Assigned task: With the pictures left out, please return exactly the line holding "Q: How do I" and each following line until the entries end.

Given records:

^^^^^^^^^^^^^^^^

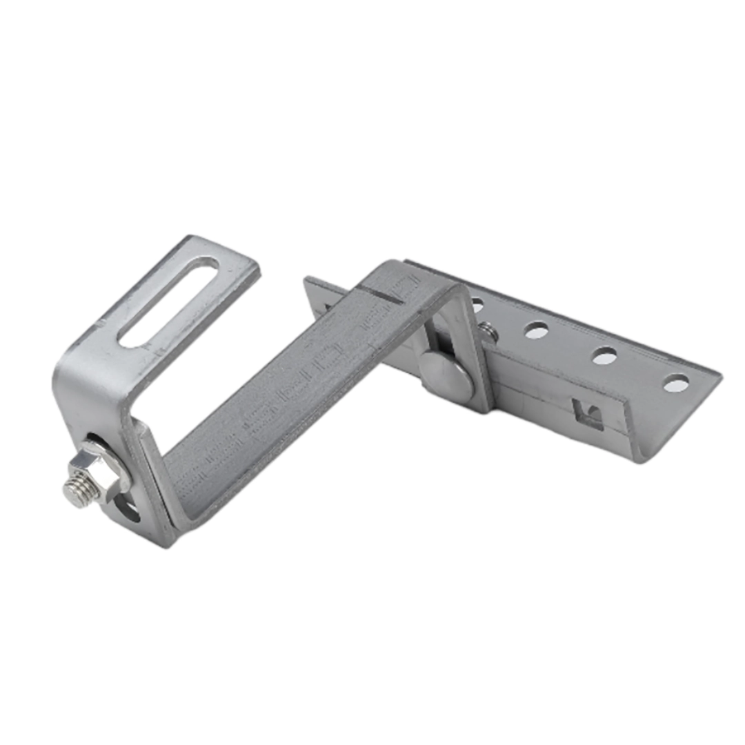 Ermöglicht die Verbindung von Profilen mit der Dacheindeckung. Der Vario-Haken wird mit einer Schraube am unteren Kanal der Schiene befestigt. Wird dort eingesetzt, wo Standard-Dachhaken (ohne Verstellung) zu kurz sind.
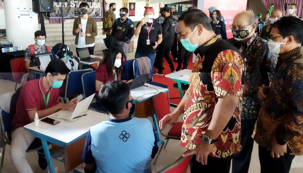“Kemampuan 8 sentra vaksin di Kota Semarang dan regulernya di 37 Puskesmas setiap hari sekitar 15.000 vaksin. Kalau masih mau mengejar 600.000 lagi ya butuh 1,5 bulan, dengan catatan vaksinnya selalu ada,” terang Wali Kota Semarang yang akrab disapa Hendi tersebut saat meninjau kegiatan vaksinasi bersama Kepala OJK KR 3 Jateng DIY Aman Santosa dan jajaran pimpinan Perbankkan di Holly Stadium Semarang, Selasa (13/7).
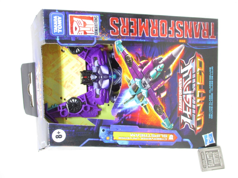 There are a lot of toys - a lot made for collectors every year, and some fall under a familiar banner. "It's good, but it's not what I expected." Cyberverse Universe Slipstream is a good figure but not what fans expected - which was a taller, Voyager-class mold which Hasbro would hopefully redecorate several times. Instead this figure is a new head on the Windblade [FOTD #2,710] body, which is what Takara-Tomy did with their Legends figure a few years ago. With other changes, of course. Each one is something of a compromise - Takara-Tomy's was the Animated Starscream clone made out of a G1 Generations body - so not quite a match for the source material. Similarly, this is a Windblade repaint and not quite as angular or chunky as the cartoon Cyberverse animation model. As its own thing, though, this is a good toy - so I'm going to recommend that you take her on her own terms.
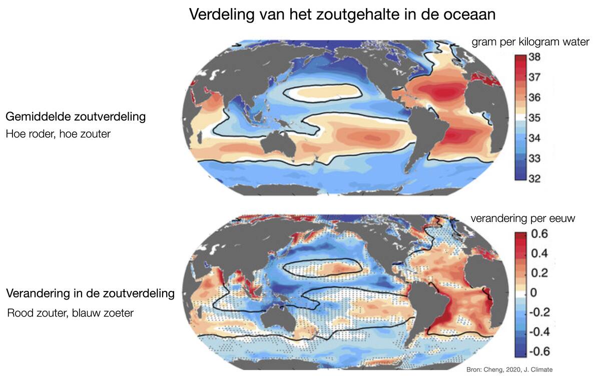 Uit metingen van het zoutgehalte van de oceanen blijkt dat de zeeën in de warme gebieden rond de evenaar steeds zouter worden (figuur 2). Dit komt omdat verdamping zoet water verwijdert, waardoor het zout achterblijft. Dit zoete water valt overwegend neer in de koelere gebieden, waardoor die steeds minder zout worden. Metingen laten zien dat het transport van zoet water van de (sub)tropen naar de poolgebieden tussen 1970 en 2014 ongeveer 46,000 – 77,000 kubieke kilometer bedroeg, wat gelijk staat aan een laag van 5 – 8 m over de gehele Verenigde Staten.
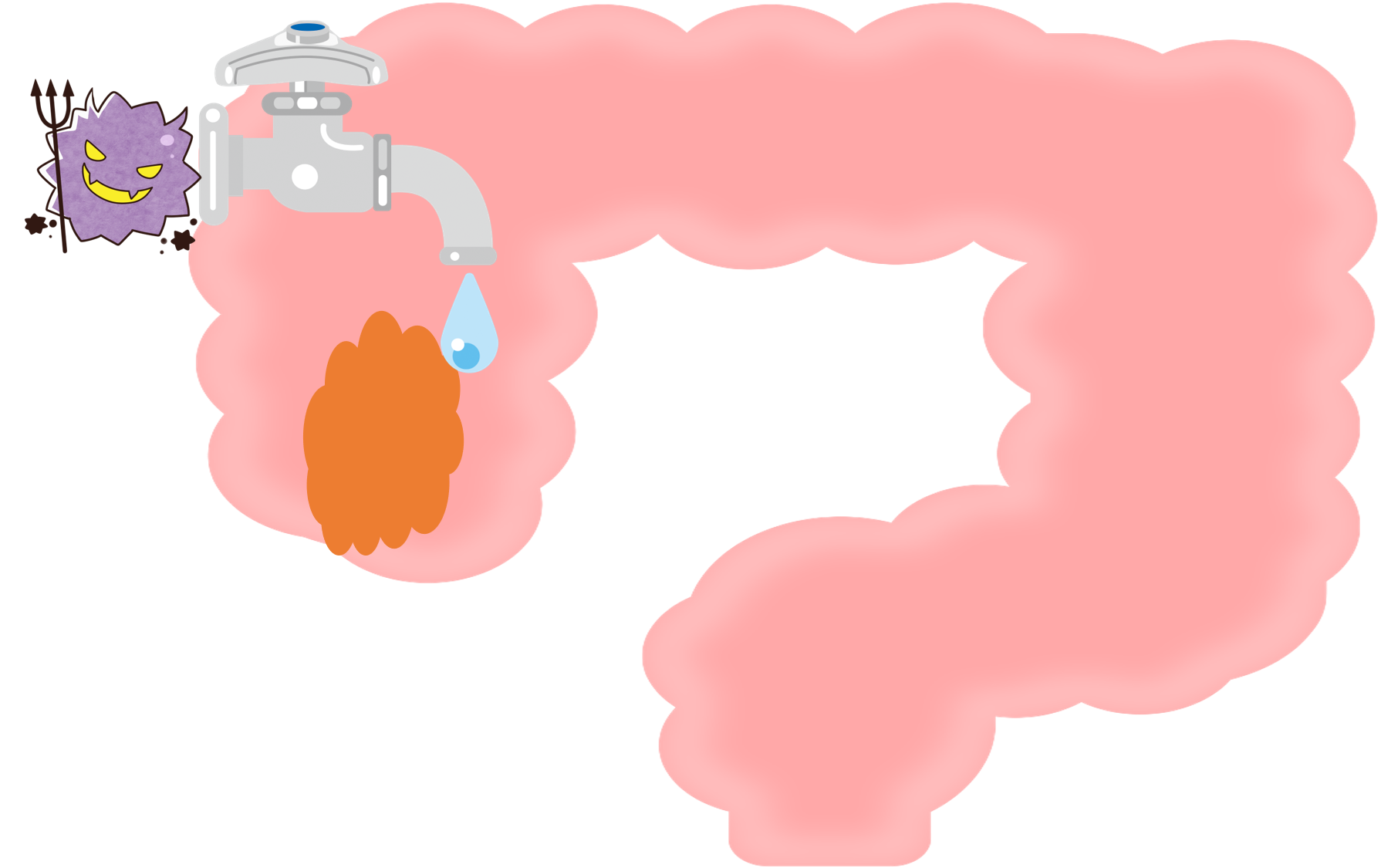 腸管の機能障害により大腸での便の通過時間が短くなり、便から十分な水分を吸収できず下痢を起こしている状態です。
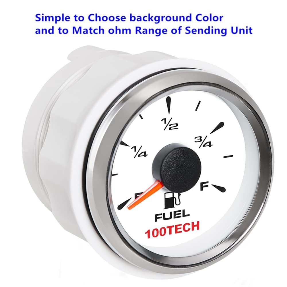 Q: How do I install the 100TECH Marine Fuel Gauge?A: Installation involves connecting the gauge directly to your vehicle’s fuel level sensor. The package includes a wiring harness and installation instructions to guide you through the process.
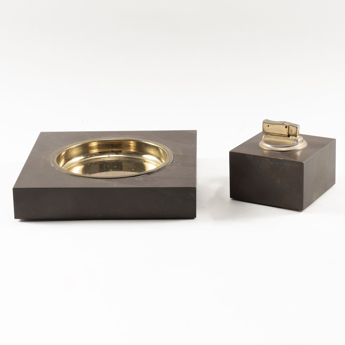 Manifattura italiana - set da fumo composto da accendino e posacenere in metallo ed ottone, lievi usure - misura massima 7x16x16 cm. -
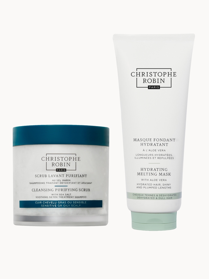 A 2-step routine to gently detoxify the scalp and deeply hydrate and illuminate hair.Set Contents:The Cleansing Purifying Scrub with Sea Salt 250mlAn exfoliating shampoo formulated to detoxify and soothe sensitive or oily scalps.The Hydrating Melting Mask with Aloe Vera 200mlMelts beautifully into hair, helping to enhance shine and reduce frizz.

^^^^^^^^^^^^^^^^

Result of this task:
 Q: How do I install the 100TECH Marine Fuel Gauge?A: Installation involves connecting the gauge directly to your vehicle’s fuel level sensor. The package includes a wiring harness and installation instructions to guide you through the process.
 Manifattura italiana - set da fumo composto da accendino e posacenere in metallo ed ottone, lievi usure - misura massima 7x16x16 cm. -
 A 2-step routine to gently detoxify the scalp and deeply hydrate and illuminate hair.Set Contents:The Cleansing Purifying Scrub with Sea Salt 250mlAn exfoliating shampoo formulated to detoxify and soothe sensitive or oily scalps.The Hydrating Melting Mask with Aloe Vera 200mlMelts beautifully into hair, helping to enhance shine and reduce frizz.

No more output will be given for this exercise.